# Audio Gender Classification Pipeline

*This is the third notebook out of three notebooks focused on Model Inference.*

## 1. Audio Recording
- **Step:** Record audio directly from the microphone.
- **Details:** The function records audio for a specified duration (in seconds) and saves the recorded audio as a `.wav` file.
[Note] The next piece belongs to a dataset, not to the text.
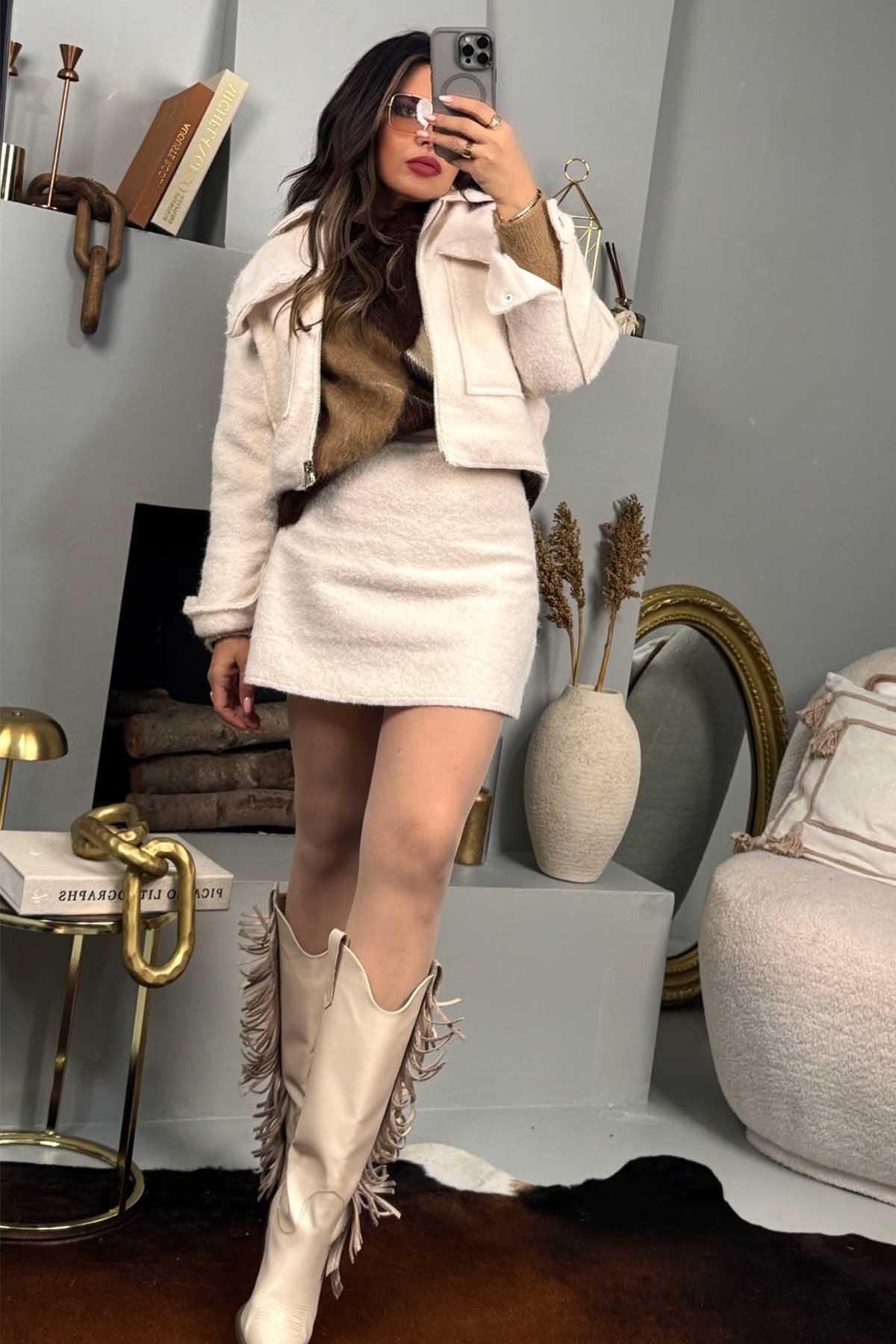 Tüylü Kaşe Ceket Etek Takım Taş

## 2. Voice Activity Detection (VAD)
- **Step:** Detect if there's any speech in the recorded audio using the Silero VAD model.
- **Details:** 
  - The function loads the `.wav` file.
  - Converts stereo audio to mono if necessary.
  - Detects speech segments and returns speech timestamps if any speech is detected.

## 3. Audio Preprocessing
- **Step:** Preprocess the audio for gender classification.
- **Details:** 
  - The audio is resampled to 16kHz if necessary.
  - Stereo audio is converted to mono.
  - The audio is prepared as input for the Wav2Vec2 model by tokenizing it.

## 4. Gender Prediction
- **Step:** Predict the gender of the speaker using a fine-tuned Wav2Vec2 model.
- **Details:** 
  - The model processes the input audio and outputs logits.
  - The predicted label (Male or Female) is determined by analyzing the logits.

## 5. Pipeline Execution
- **Step:** Run the entire pipeline from audio recording to gender prediction.
- **Details:** 
  - The function first detects voice activity in the audio.
  - If speech is detected, the gender of the speaker is predicted.
  - The predicted gender is displayed.


In [2]:
import sounddevice as sd
import numpy as np
import noisereduce as nr
import scipy.io.wavfile as wavfile
import torchaudio
import torch
from transformers import Wav2Vec2Processor, Wav2Vec2ForSequenceClassification

In [3]:
def record_audio(duration=6, sample_rate=16000, output_file="recorded_audio.wav"):
    print(f"Recording for {duration} seconds...")
    audio_data = sd.rec(int(duration * sample_rate), samplerate=sample_rate, channels=1, dtype=np.float32)
    sd.wait()  # Wait until the recording is finished
    wavfile.write(output_file, sample_rate, audio_data)
    print(f"Recording saved as {output_file}")

In [4]:
def load_wav_file(file_path):
    wav, sr = torchaudio.load(file_path)
    return wav, sr

In [5]:
model_vad, utils = torch.hub.load(repo_or_dir='snakers4/silero-vad', 
                                  model='silero_vad', 
                                  force_reload=True, 
                                  trust_repo=True)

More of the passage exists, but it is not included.